■ Exercise
Your output should be the lines below from the one with "What sets Miduty" through the one with "Jedan od zanimljivih", copied exactly, pictures excluded.

■ Entries taken from a collection
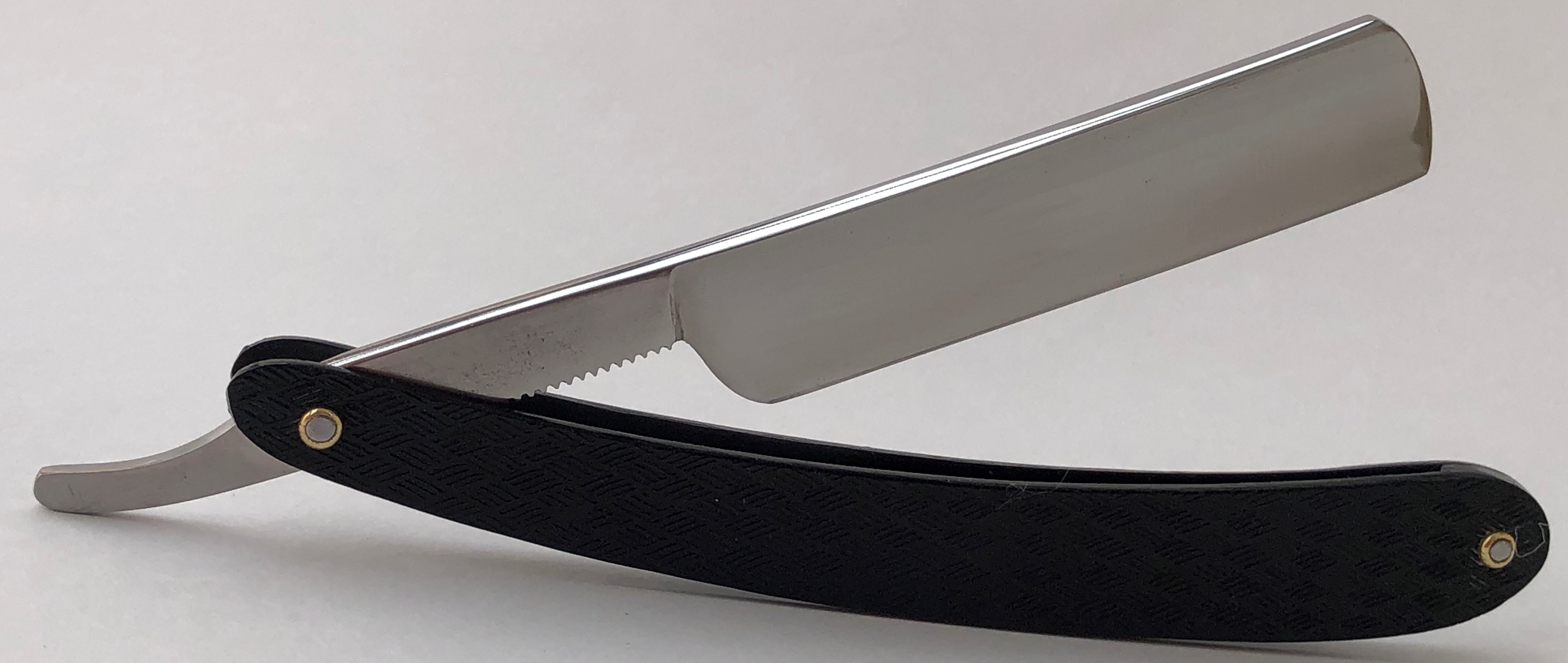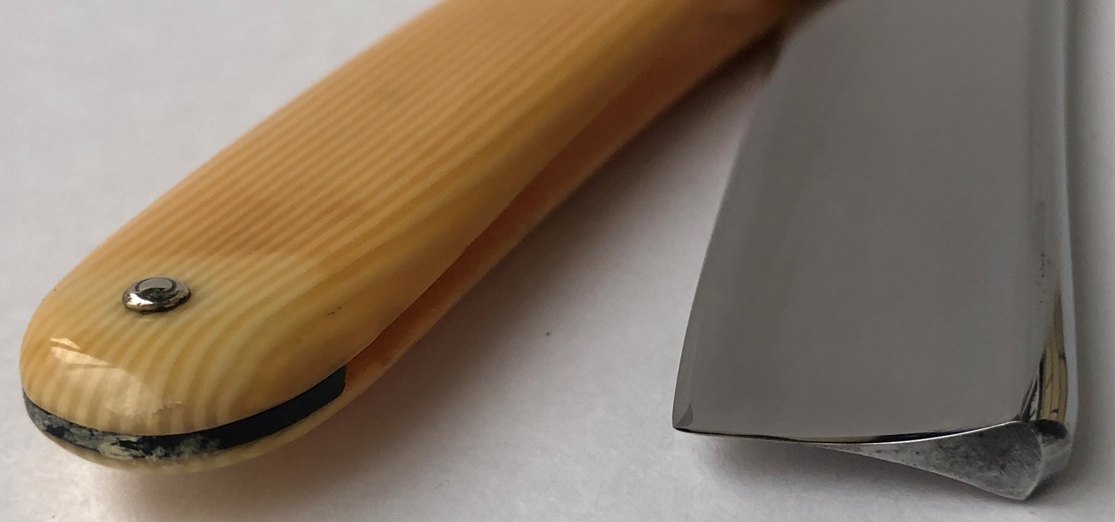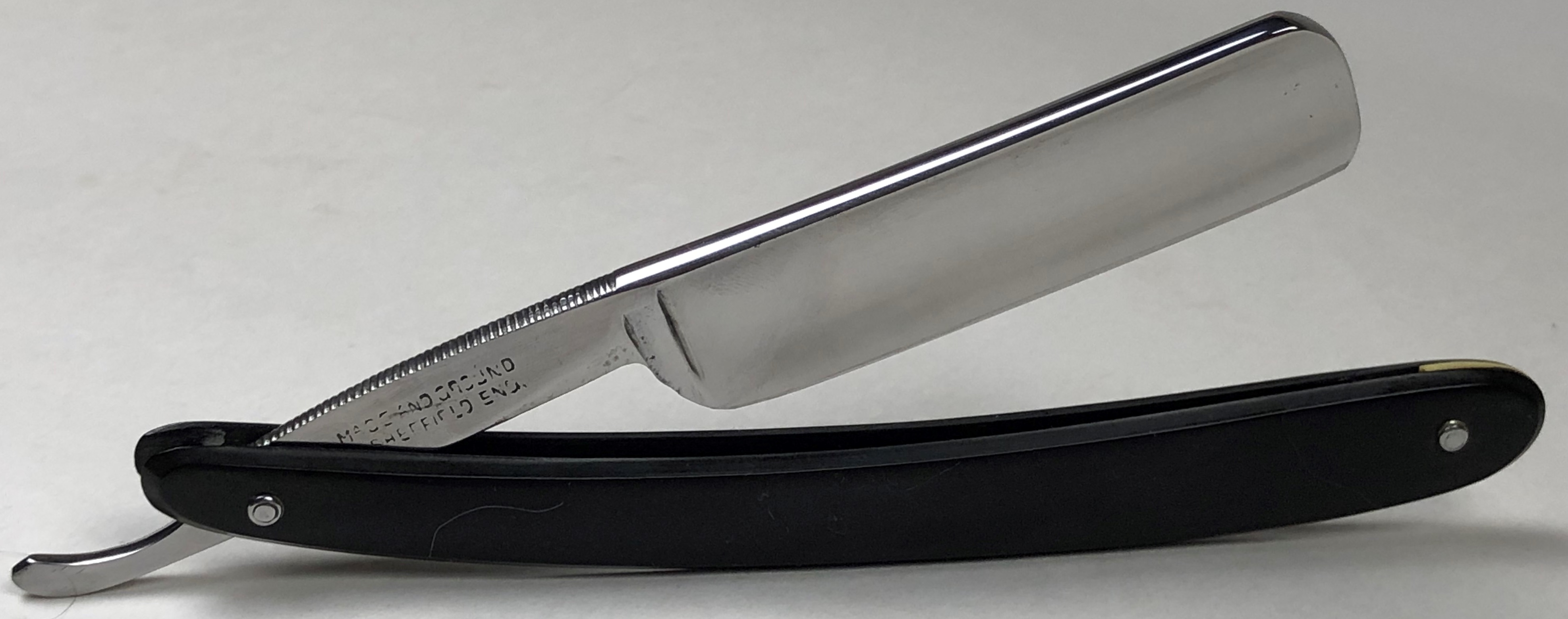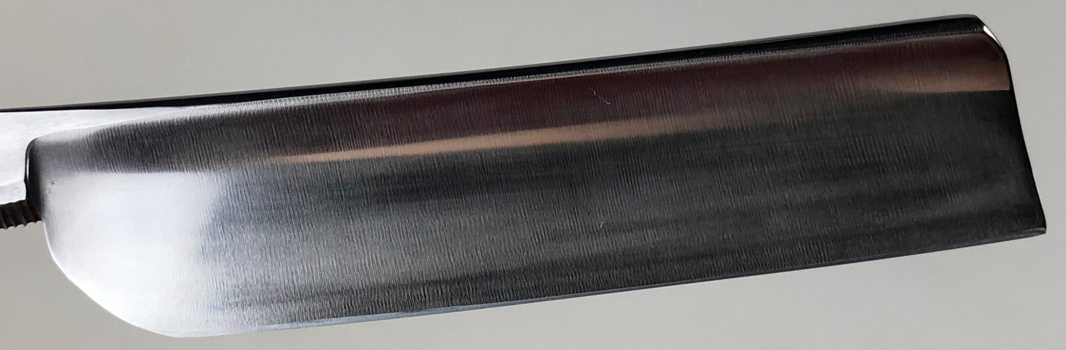 Бритва не разбиралась и не ремонтировалась. Все в оригинале. Заводская заточка была переделана под нормальное бритье.За исключением небольшого и малозначительного окисления с одной стороны полотно, все чисто, без дефектов. Геометрия приближена к идеальной.
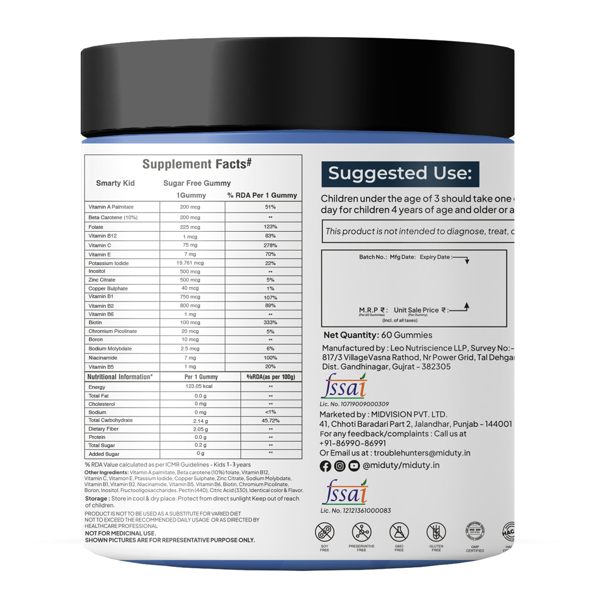 What sets Miduty Smarty Kids apart is that it’s a completely sugar-free gummy. Instead of sugar, it contains Fructooligosaccharides (FOS), that provides a pleasant taste.
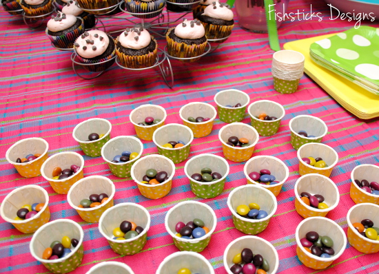 Other party fare included Unreal Unjunked candy-coated chocolates served in cute little snack cups, sliced strawberries, chocolate cookies, pink pomegranate chips and lemonade.
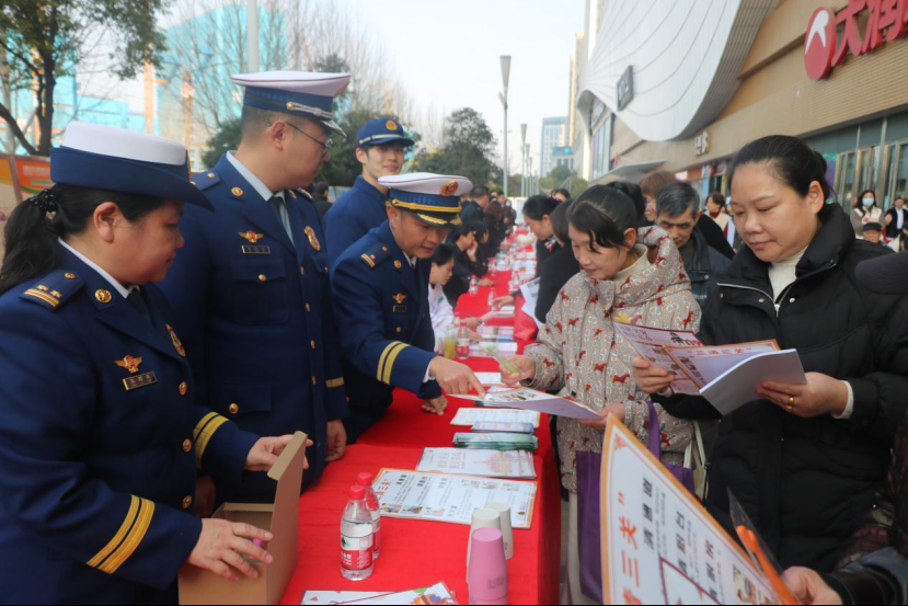 活动现场热闹非凡。大队在广场设立消防宣传咨询台,摆放宣传资料、文创礼品以及灭火器、防烟面罩等消防器材;咨询台旁,图文并茂的宣传展板有序排列,吸引过往市民纷纷驻足观看。
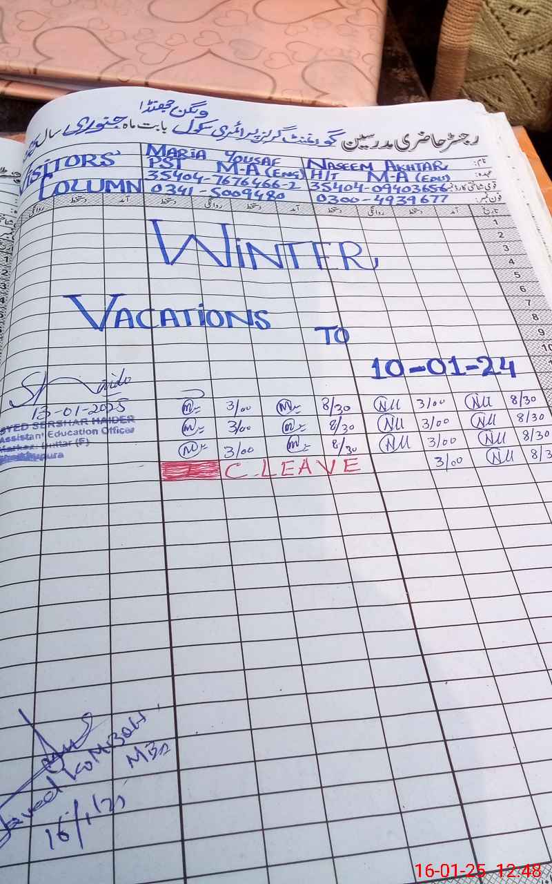 | Name: NA**** AK**** Designation: (School Headmaster's/Headmistress's) PST Phone/Cell Number: 03**** |
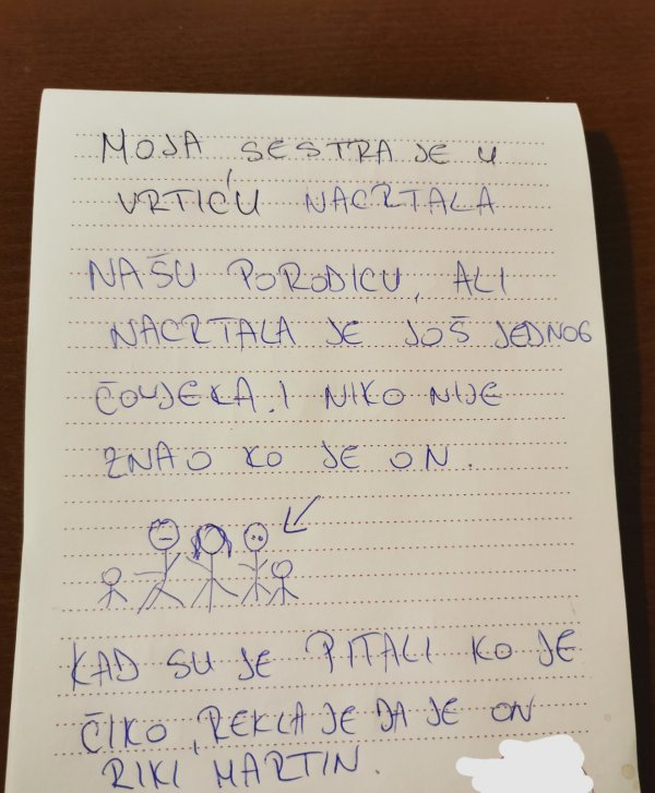 Jedan od zanimljivih primjera dječijeg crteža dolazi iz jednog vrtića, gdje je mala djevojčica odlučila nacrtati svoju porodicu. Na crtežu su se našli mama, tata, sestra, ali i nepoznati muškarac. Kada je vaspitačica pitala ko je taj čovjek, djevojčica je s osmijehom rekla: „To je naš novi komšija koji se preselio!“. Ovaj komentar nije samo nasmijao sve prisutne, već je i ukazao na dublju poruku o tome kako djeca prihvataju nove ljude i promjene u svom okruženju.
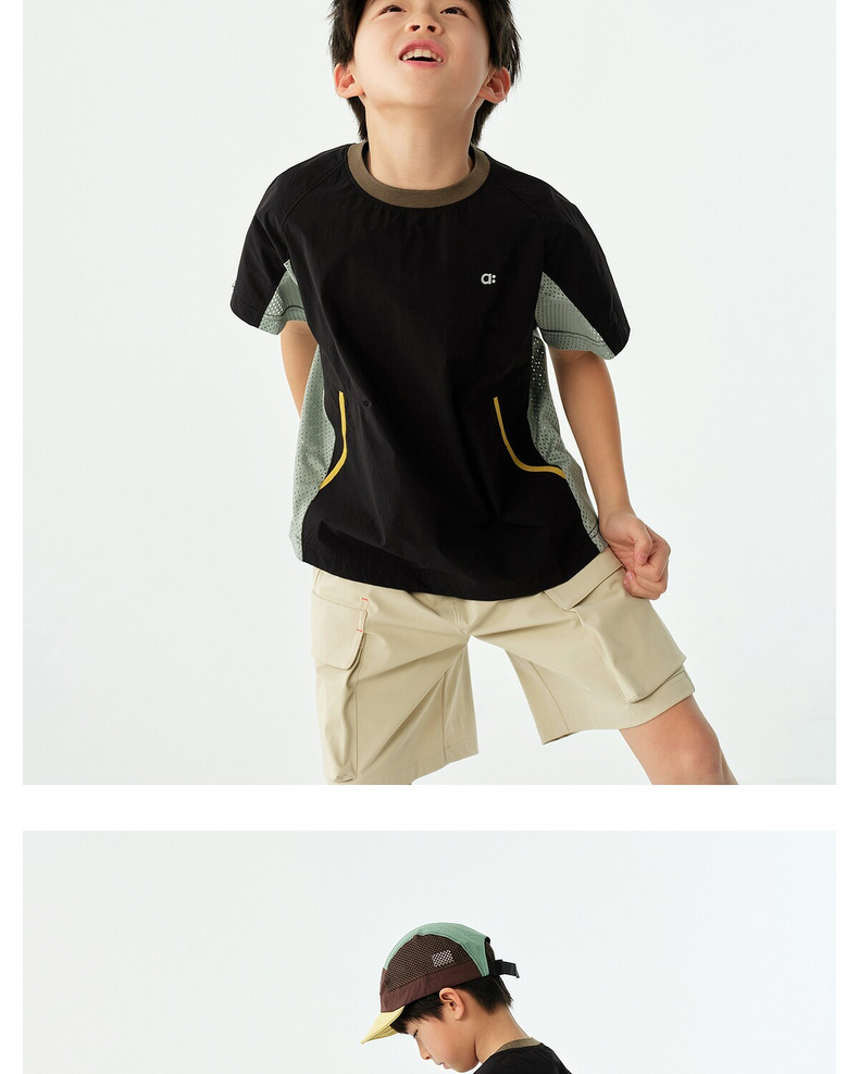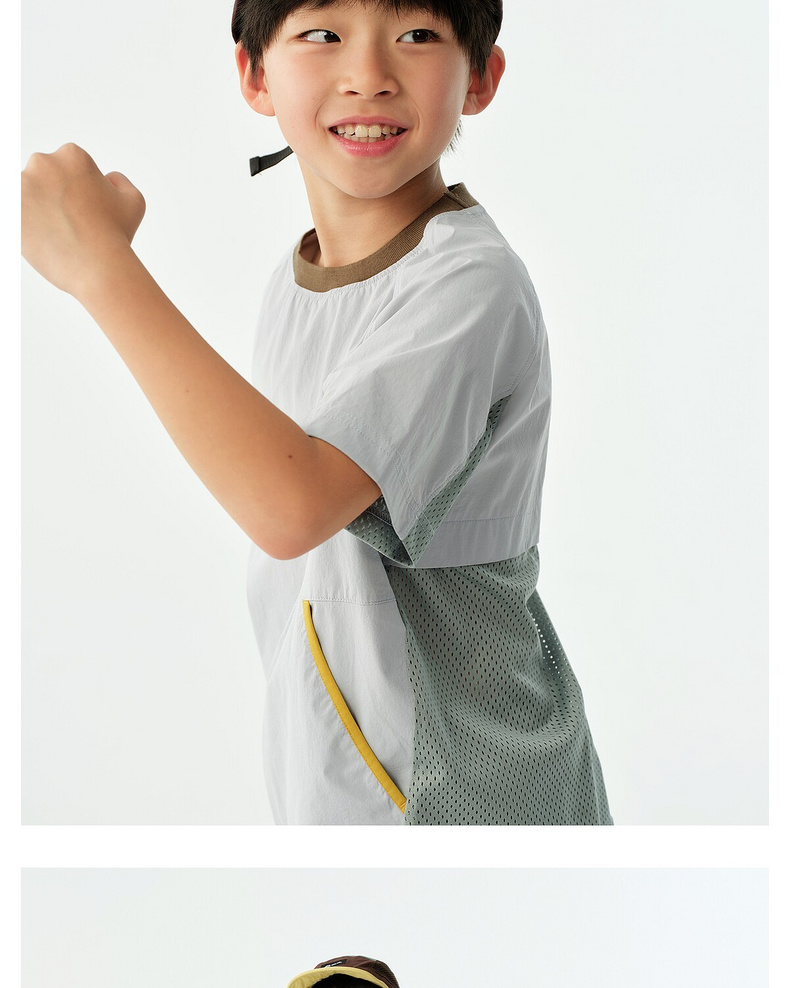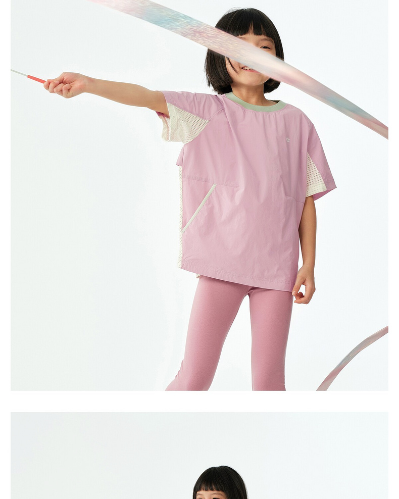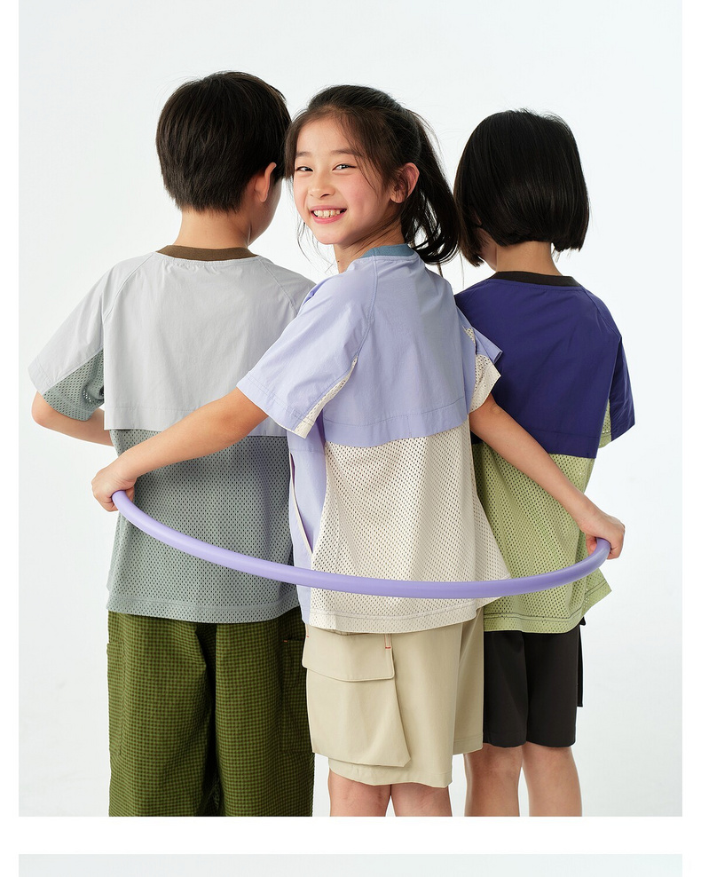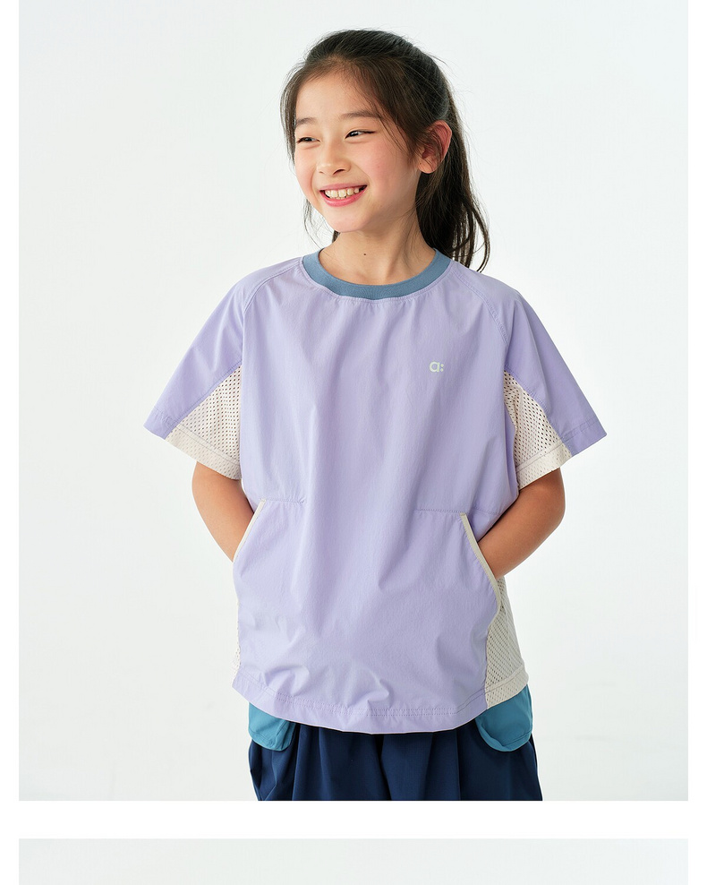allblu幼岚【拼接网眼T】儿童短袖T恤26春新款上衣女童男童干爽

■ Output
 What sets Miduty Smarty Kids apart is that it’s a completely sugar-free gummy. Instead of sugar, it contains Fructooligosaccharides (FOS), that provides a pleasant taste.
 Other party fare included Unreal Unjunked candy-coated chocolates served in cute little snack cups, sliced strawberries, chocolate cookies, pink pomegranate chips and lemonade.
 活动现场热闹非凡。大队在广场设立消防宣传咨询台,摆放宣传资料、文创礼品以及灭火器、防烟面罩等消防器材;咨询台旁,图文并茂的宣传展板有序排列,吸引过往市民纷纷驻足观看。
 | Name: NA**** AK**** Designation: (School Headmaster's/Headmistress's) PST Phone/Cell Number: 03**** |
 Jedan od zanimljivih primjera dječijeg crteža dolazi iz jednog vrtića, gdje je mala djevojčica odlučila nacrtati svoju porodicu. Na crtežu su se našli mama, tata, sestra, ali i nepoznati muškarac. Kada je vaspitačica pitala ko je taj čovjek, djevojčica je s osmijehom rekla: „To je naš novi komšija koji se preselio!“. Ovaj komentar nije samo nasmijao sve prisutne, već je i ukazao na dublju poruku o tome kako djeca prihvataju nove ljude i promjene u svom okruženju.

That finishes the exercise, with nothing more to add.